Inger was previously a steward on Birka. In January she started at the Shipping Company Eckerö’s office in Mariehamn and was put in charge of the MLC certification of all the company’s ships: seven RORO vessels, the ferry Finnlandia in the Gulf of Finland, and Birka and Eckerö. The company has ships under both Swedish and Finnish flags, and there is some difference in how the two countries chose to handle the MLC, says Inger.
Different in Sweden and Finland
”In Finland the Worker Protection Administration [equivalent to the Swedish Work Environment Authority] runs the inspections, while the transport department issues the certificate itself. Even though they are essentially the same rules that apply, there is a little more focus on the work environment in Finland.
So far the inspections have gone well, she says.
”There was only one of our Finnish flagged ships that had some small faults. It was purchased from Italy a few years ago and there was a protective handrail missing, the lighting in the cabins was not good enough and a few other items needed attention. But we got a list of measures to take, we went through it and things are now fixed.”
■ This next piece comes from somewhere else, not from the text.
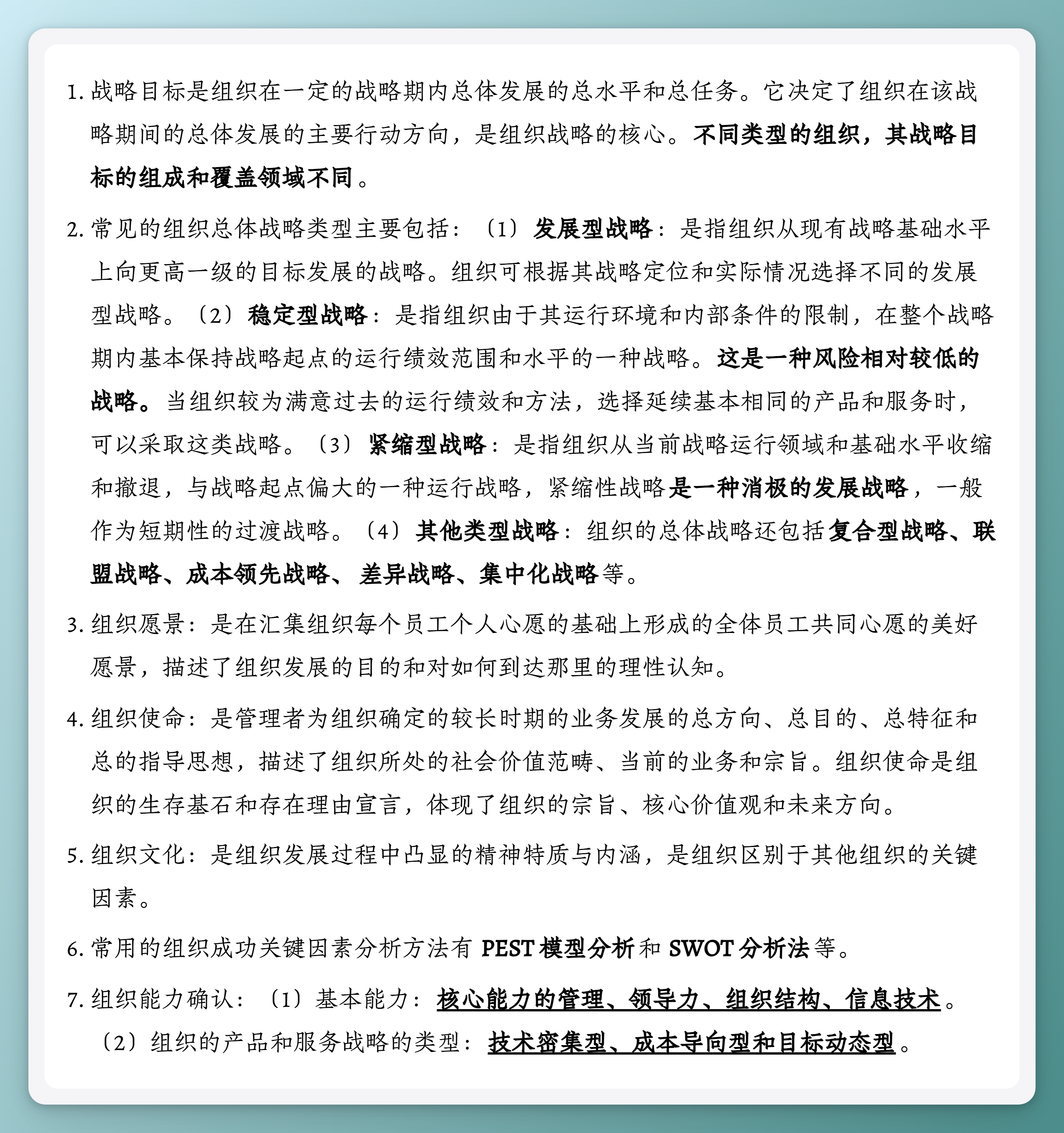 3. 国家信息化 6 要素:信息技术应用(龙头、主阵地)、信息资源(核心任务)、信息网络(基础设施)、信息技术和产业(物质基础)、信息化人才(成功之本)、信息化政策法规和标准规范(根本保障)。

Mikael confirms the situation that Inger describes. He says that he rarely find any serious deficiencies during the inspections.
”We have been on board a lot of ships now, and on the whole the Swedish flagged fleet looks pretty good.”
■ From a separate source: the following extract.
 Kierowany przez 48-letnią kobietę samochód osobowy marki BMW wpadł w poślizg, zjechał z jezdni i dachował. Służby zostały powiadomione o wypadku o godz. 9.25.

M/S Eckerö leaves Grisslehamn and the course is set for Åland. After a while the master returns and joins the small group of people in his office. Prior to this visit the shipping company sent a report to Mikael showing how they handle the requirements of the convention and both parties are well prepared.
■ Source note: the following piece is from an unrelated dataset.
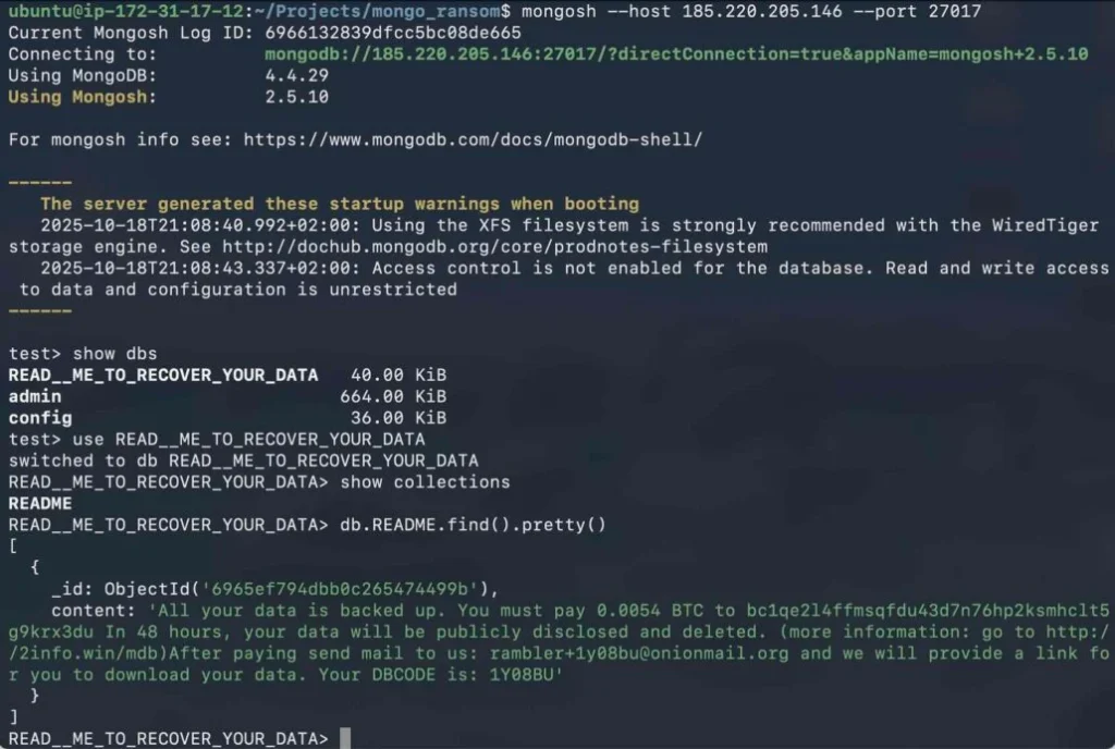 Злоумышленники атакуют незащищённые экземпляры MongoDB, используя автоматизированные методы вымогательства данных и требуя от владельцев небольшие суммы за восстановление данных.

”When doing an inspection I usually spend about six hours on preparation and about the same time on board. But it also depends on how well-run the ship is. Things are really well organised here so it takes less time,” says Mikael.
When the papers in the master’s office have been examined, the inspection continues on the ship. Outside the canteen Ulrika stops and points to a list on the wall.
”If there is anyone who has a food allergy or is vegetarian, they tick a box here and write down how long they will be on board. Then the cook comes out and looks at the list so that he knows what he should prepare. It works very well,” she says.
The inspection continues in the ship’s office inside the reception area on deck five. The crew purser, Birgitta Jokinini, helps to take out the qualifications of the crew and cooks and their medical certificates, which Mikael has asked to see. The chief housekeeper, Pia, comes over with lists showing the cabin inspections.
”What happens about any faults you find in the cabins?” wonders Mikael.
”We write them down in here,” says Pia and hands over a red folder. ”Then we pass on a paper to the repairman with a list of what needs to be fixed.”
”Good, then I’m satisfied,” says Mikael and returns the folder to Pia.
The last stop is with the chef, Tomas Berlin, in his office next to the galley. He explains that the condition of fridges, freezers and other spaces in the department are checked each week and shows the agreements and action plans that are used in the event of pests, for example.
When the whole inspection is completed, it only remains to print an official acknowledgement. It is put up on a bulkhead, clearly visible for all the crew to see. The idea is that everyone should be aware of any faults and deficiencies noticed by the authority. The acknowledgement also acts as a guarantee that the ship meets the requirements of the convention pending the certificate that is issued by the Stockholm office of the Transport Agency. When Mikael has signed the inspection papers, it is Lars Nordström’s turn to sign. He says that he is satisfied with the day’s work.
”I was not worried about the inspection. You know about faults and shortcomings on your ship, and we do not have that sort of serious problem. Of course, something unexpected could turn up, but in that case you just have to deal with it.”